Prompt: Print exactly, and only, the lines from the one containing "Mini Kelly Ostrich" through the last line of the records below, both included; leave out the pictures.

** Given records follows **

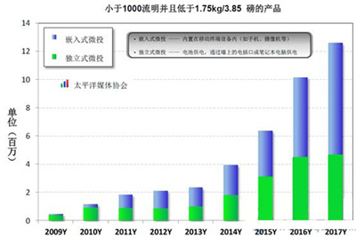 微投的未来市场相当令人期待,无论是在嵌入式于手机应用(安卓及苹果系统)、独立式、与笔记本相结合,还是超小型的口袋投影,耳机投影,3D投影,等都是相当吸引人的产品,PMA预测,全球微投2014年将起1700万台销售量,发展前景相当看好。
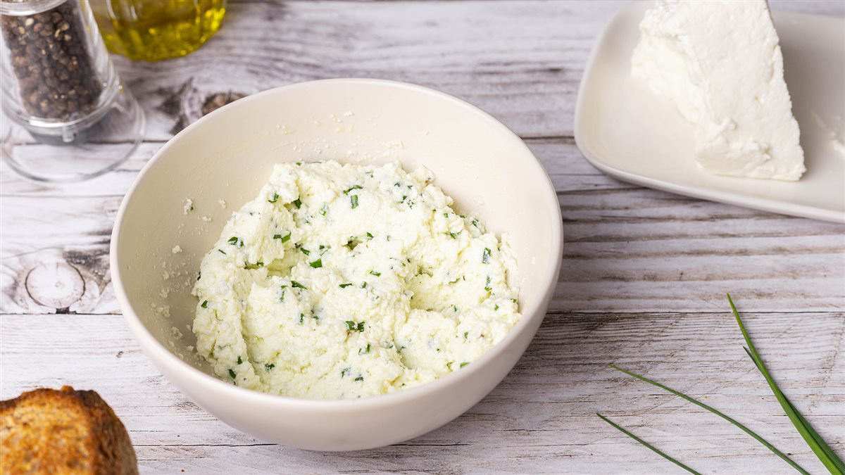 - In un’altra ciotola, lavorare la ricotta con l’erba cipollina tritata, un filo d’olio, sale e pepe.
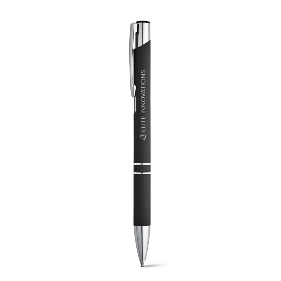 Aluminiowy długopis z kolorowym korpusem, o gumowym wykończeniu. Dostępny w szerokiej gamie kolorów. Tusz czarny. ø10 x 137 mm
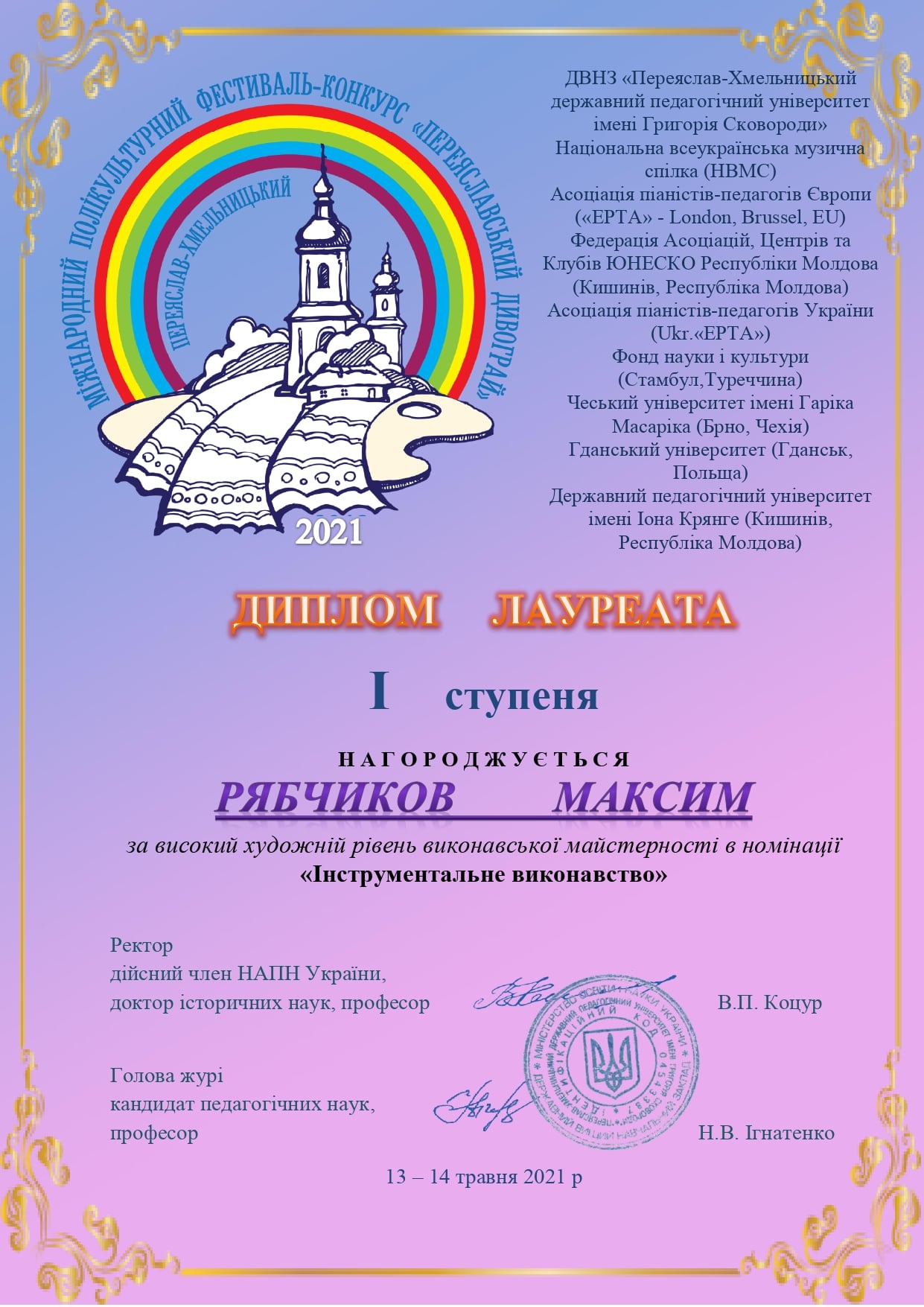 Диплом лауреата І ступеня – студент Навчально-наукового інституту соціально-педагогічної та мистецької освіти Рябчиков Максим, керівник – завідувач кафедри інструментального виконавства та музичного мистецтва естради Марина Білецька.
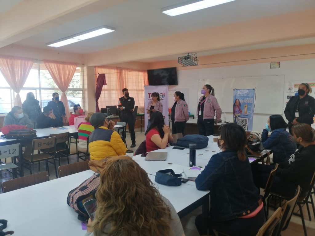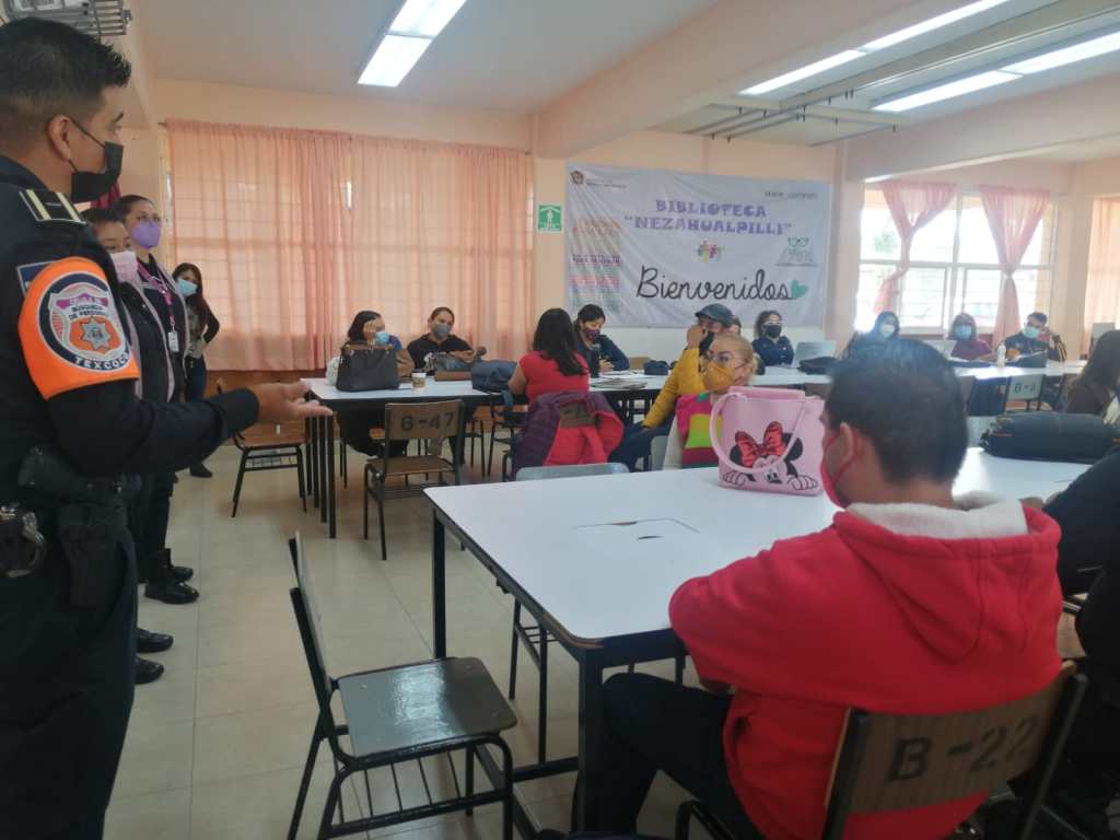 Texcoco, Edomex. Autoridades municipales de Texcoco realizan asesorías informativas sobre violencia de género y el buen uso de la aplicación ALER-TEX, para 49 maestras y maestros de la escuela Secundaria Técnica No. 116 “Nezahualpilli” en el Fraccionamiento de San Martín en el municipio de Texcoco.
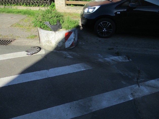 (BER)Am Montagmorgen, 07.05.2018, gegen 08.26 Uhr befuhr eine 81-jährige Nienburgerin die Straße Am Drosch. In der 30er - Zone verlor sie vermutlich die Kontrolle über ihren Pkw, prallte gegen einen bepflanzten Blümenkübel und schob diesen noch ca. 30 Meter vor sich her. Verletzt wurde bei dem Verkehrsunfall niemand. Glück im Unglück - wenige Zentimeter vor einem dort geparkten weiteren Fahrzeug kam sie zum Stehen. Bei dem Aufprall wurde der Opel der Verursacherin stark beschädigt. Die 30 Meter nach dem Aufprall legte sich auf einer Felge zurück, nachdem der Reifen geplatzt war.
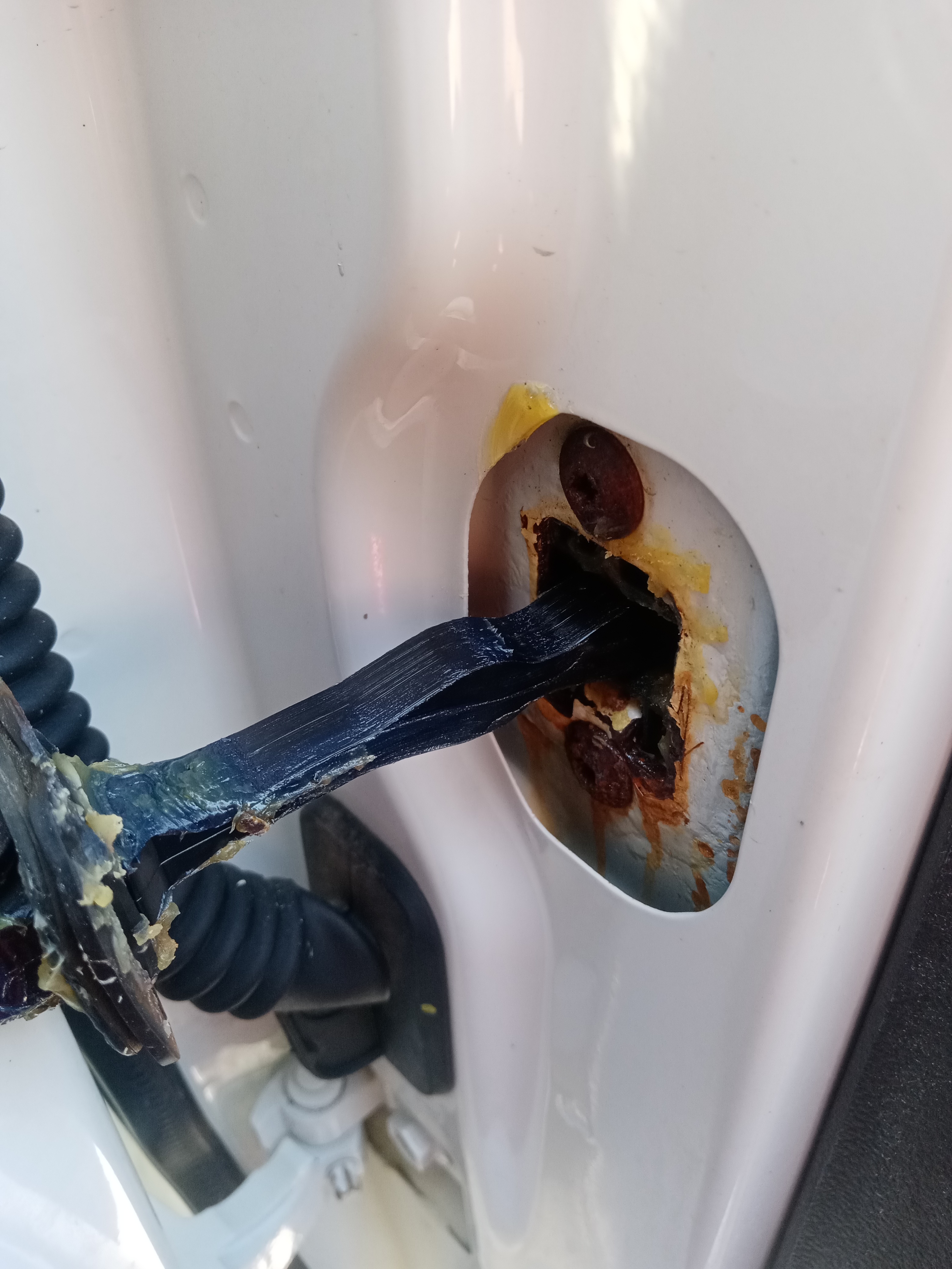 车辆左后门和右后门镀锌钢板生锈,出厂防锈没做好
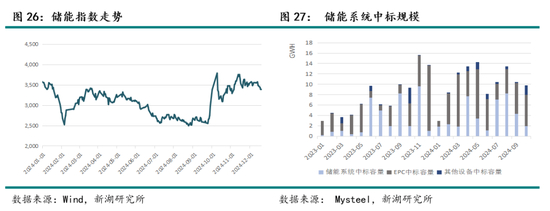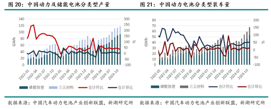 需求上, 主要增量仍来自于新能源汽车及储能领域。 从新能源汽车来看, 预计25年消费品以旧换新政策将继续延续或加码,国内增量仍有空间,但预计增速不及24年;海外增速受补贴退坡及政策风险扰动影响或将受限。 从储能来看, 预计25年仍维持较高增速,特朗普上台后美国政策风险仍存扰动,可重点关注中东、拉美等新兴市场增量表现。
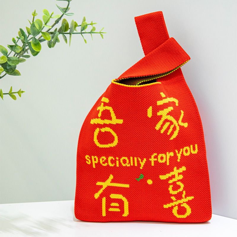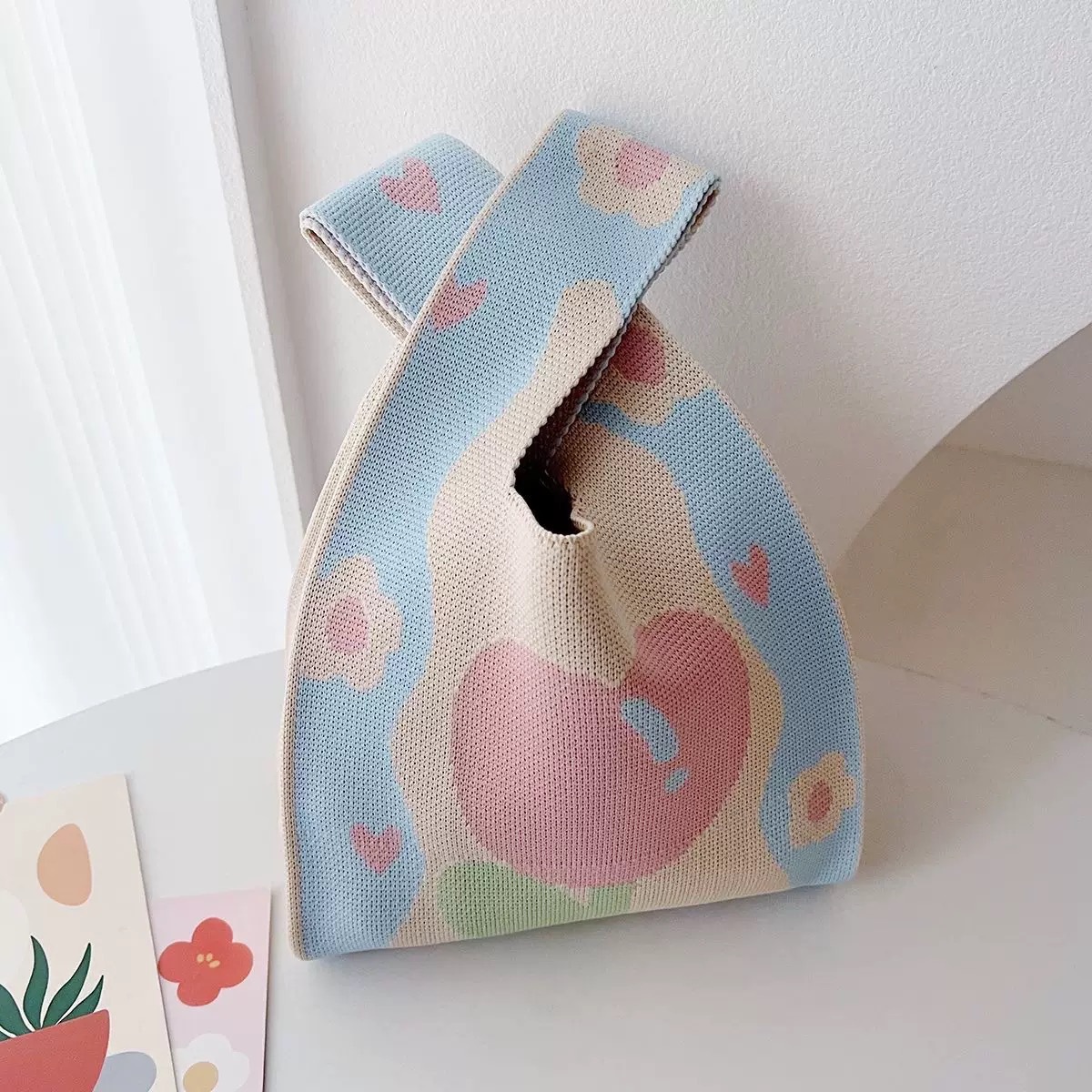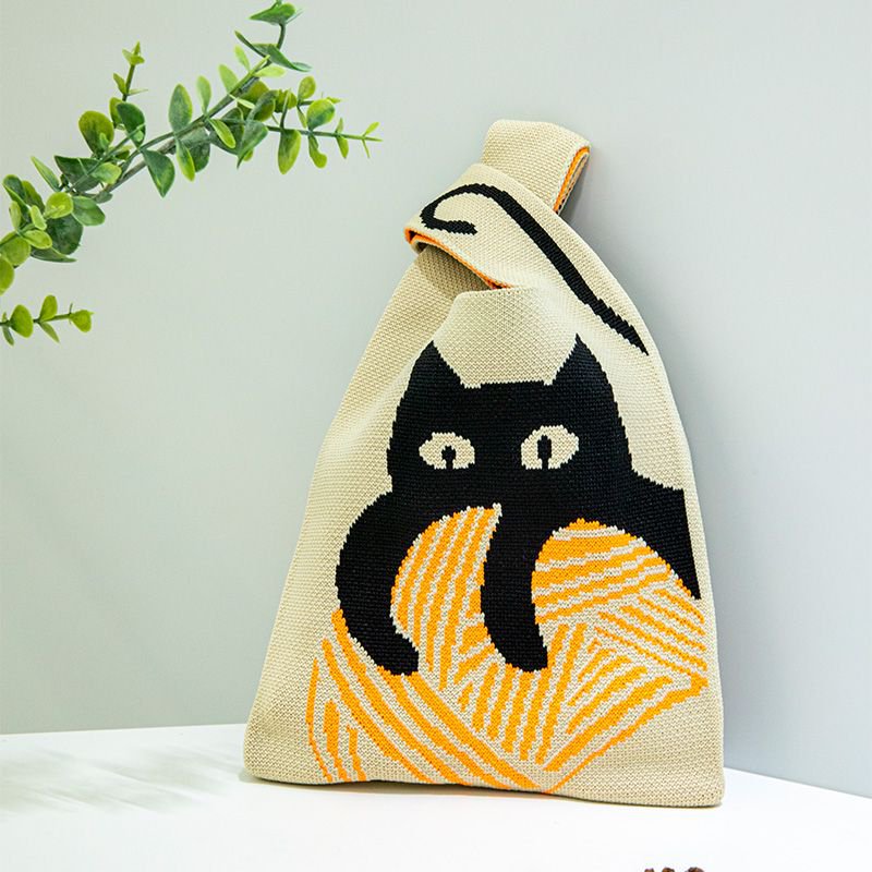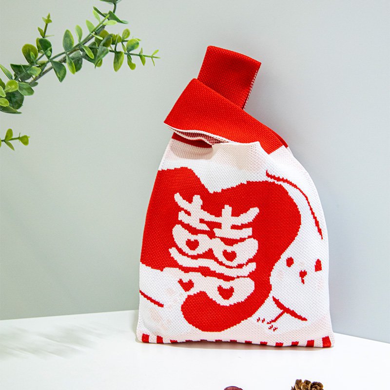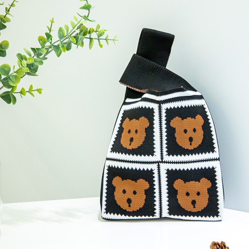 니트 가방, 선물 가방, 토끼 핸드백, 대용량 선물 가방, 손목에 달린 작은 가방
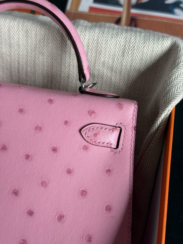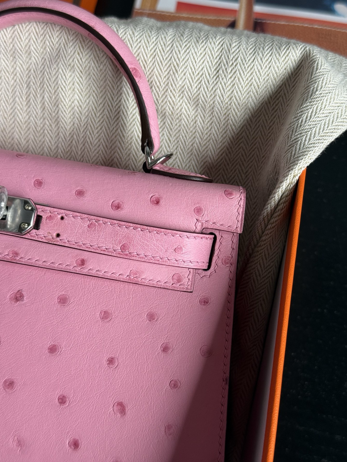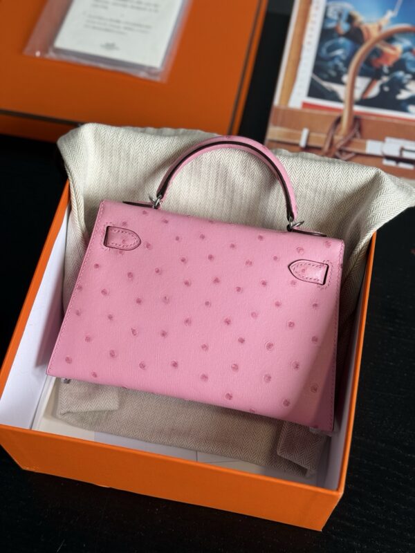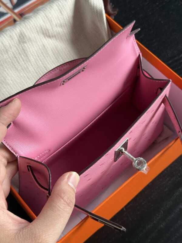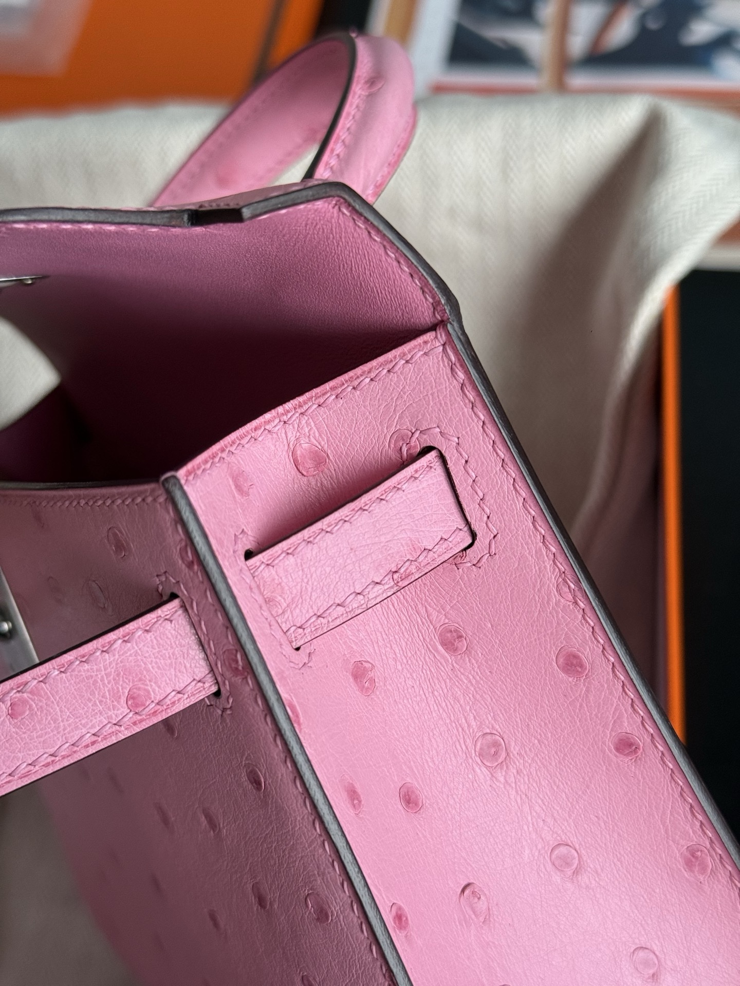 Mini Kelly Ostrich L4 Rose Bubblegum PHW Stamp K
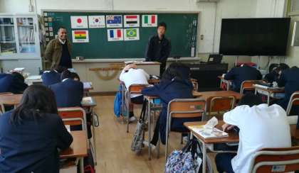皆、顔をふせていますが、これは、ミッシングゲームをしている様子です。英語を使って、海外のいろいろな国名を言い当てます。

** End of Given records **

Written answer:
 Mini Kelly Ostrich L4 Rose Bubblegum PHW Stamp K
皆、顔をふせていますが、これは、ミッシングゲームをしている様子です。英語を使って、海外のいろいろな国名を言い当てます。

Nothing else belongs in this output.